The garden of the Lord includes – yes, it truly includes – not only the roses of martyrs but also the lilies of virgins, and the ivy of married people, and the violets of widows. There is absolutely no kind of human beings who need to despair of their call; Christ suffered for all. It was very truly written about him: who wishes all  to be saved, and to come to the acknowledgement of the truth.

  So let us understand how Christians ought to follow Christ, short of the shedding of blood, short of the danger of suffering death. The Apostle says, speaking of the Lord Christ, Who, though he was in the form of God, did not think it robbery to be equal to God. What incomparable greatness! But he emptied himself, taking the form of a servant, and being made in the likeness of men, and found in condition as a man. What unequalled humility! (Augustine, On the Feast of St.Lawrence)

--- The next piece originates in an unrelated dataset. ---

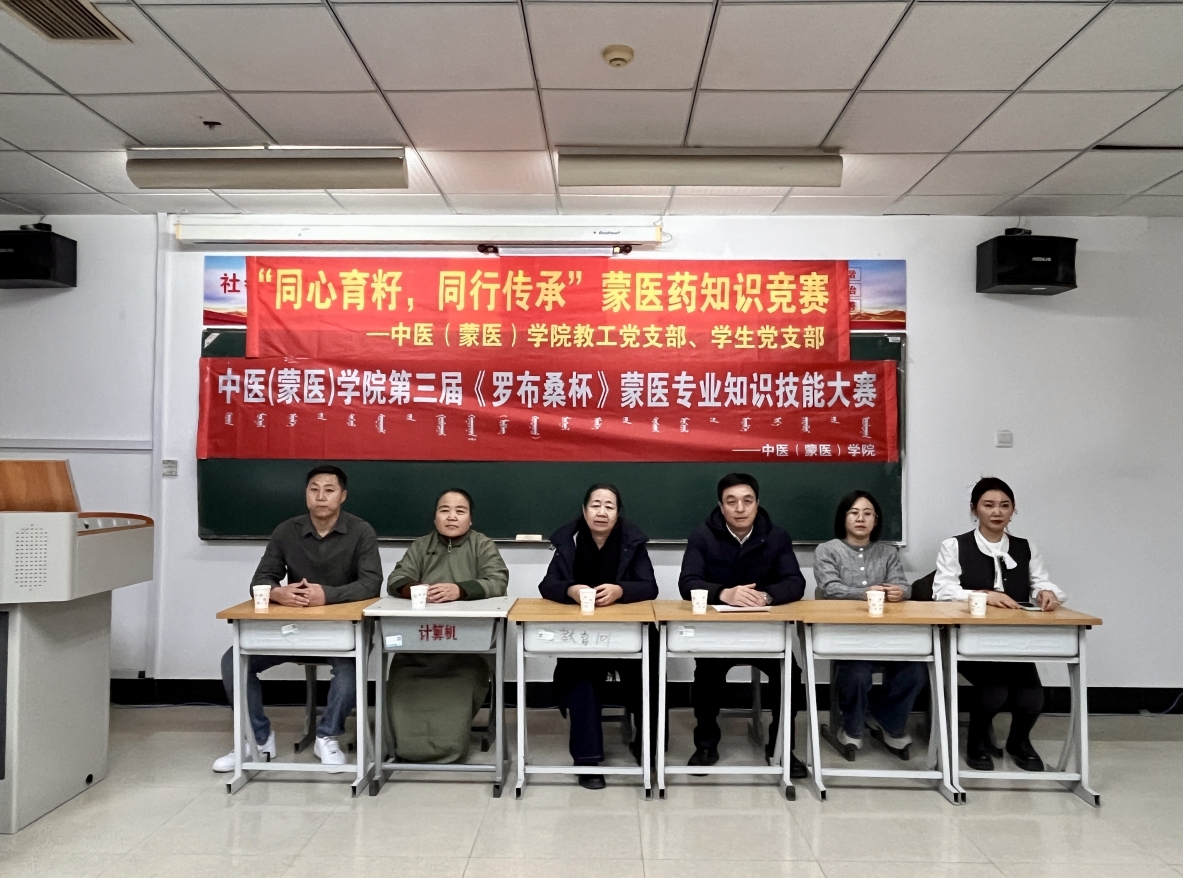 11月27日下午,中医(蒙医)学院在崇仁楼121教室举办第三届“罗布桑杯”蒙医药专业知识竞赛。学院领导班子成员、蒙医学专业教研室负责人及学生代表观看比赛。
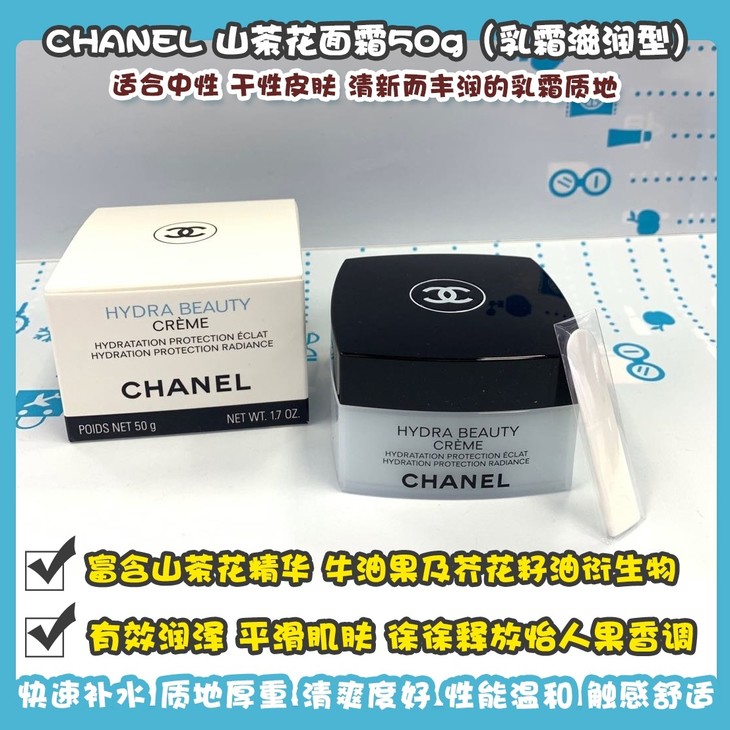 CHANEL 山茶花面霜50g(乳霜滋潤型)👍适合中性、干性皮肤。清新而丰润的乳霜质地,🌱富含山茶花精华、牛油果及芥花籽油衍生物,有效润泽、平滑肌肤,🥑徐徐释放怡人果香调与细腻的花香主调,滋润而细腻,保湿不油腻,舒缓柔润🌿,快速补水。质地厚重,清爽度好,性能温和,触感舒适,易于推开,不易引起粉刺🙅,是渴望每天舒缓柔嫩肌肤的你,理想的选择。✅

I notice in our garden these days some little plants and flowers I don’t know. There they are springing up unannounced and unnoticed. I don’t know their names or what they’re good for, but they bring their own beauty and completeness to our garden.

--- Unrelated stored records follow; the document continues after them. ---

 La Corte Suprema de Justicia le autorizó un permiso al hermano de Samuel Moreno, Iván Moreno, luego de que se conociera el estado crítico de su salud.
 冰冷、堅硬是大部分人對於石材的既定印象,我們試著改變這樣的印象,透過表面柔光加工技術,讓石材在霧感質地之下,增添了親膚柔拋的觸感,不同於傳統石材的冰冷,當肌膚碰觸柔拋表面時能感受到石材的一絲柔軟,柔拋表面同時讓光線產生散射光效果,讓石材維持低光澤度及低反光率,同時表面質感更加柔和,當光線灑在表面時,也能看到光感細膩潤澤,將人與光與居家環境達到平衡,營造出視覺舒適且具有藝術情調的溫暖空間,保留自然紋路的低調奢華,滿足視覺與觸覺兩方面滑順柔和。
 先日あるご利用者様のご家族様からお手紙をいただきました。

St. Francis de Sales used this same analogy to describe the various ways of holiness. So let’s notice and let’s learn from the humble flowers and plants in our garden. Not crabgrass, though. I don’t think it’s humble.

Faith, a Ticket to Success? Jeremiah 26:1-9

You can’t listen to the story of the Prophet Jeremiah, our first reading these days,  without thinking about the passion of Jesus.  In fact, readings from the Book of Jeremiah are common readings for Holy Week. We see Jesus in Jeremiah.

God tells Jeremiah to “hold nothing back,” but speak the truth to those in power and the false prophets of the day, no matter how unpopular it is.  Jesus did the same.

Like Jeremiah, Jesus was innocent, but was framed by the powerful as guilty. They questioned his authority, but he would not deny his mission.

Only a few voices seem to stand up for Jeremiah and only a few stood up for Jesus. Neither had many faithful followers at their time of trial. Yet both were carried along by God’s power and their names vindicated.

Jeremiah, like Jesus and  John the Baptist who suffered a lonely death at the hands of Herod Antipas belonged to a brave company.

Some would have us see our faith as a ticket to success, an inoculation against failure or suffering.  Believe and nothing bad will happen to you. Yet, as you look at Jesus, the prophets and the saints, you see a more realistic profile of faith. We’re promised victory, yes, but only by accepting the mystery of the cross.

Keep an eye on Jeremiah and John. Keep an eye on the passion of Jesus. Follow them.

Don’t Look Down on Yourself?

July 30th is the feast of St. Peter Chrysologus, a bishop of Ravenna in Italy, who died around 450 AD. The prayer for his feast describes him as “an outstanding preacher of your Incarnate Word.”  You can see why in this excerpt from one of his sermons:

“Why do you look down on yourself who are so precious to God? Why think so little of yourself when you are so honored by him? Why do you ask how you were created, and don’t want to know why you were made?

“This entire visible universe is yours to dwell in.  It was for you that the light dispelled the overshadowing gloom; for you the night was regulated and the day was measured: for you the heavens were brightened with the brilliance of the sun, the moon and the stars. The earth was adorned with flowers, trees and fruit; lovely living things were created in the air, the fields, and the seas for you, lest you lose the joy of God’s creation in sad loneliness.

“And the Creator is still devising things that can add to your glory. He has made you in his image that you might make the invisible Creator present on earth; he has made you his legate, so that the vast empire of the world might have the Lord’s representative.

“Then in his mercy God assumed what he made in you; he wanted now to be truly manifest in men and women, to be revealed in them as in an image. Now he would be in reality what he was in symbol.”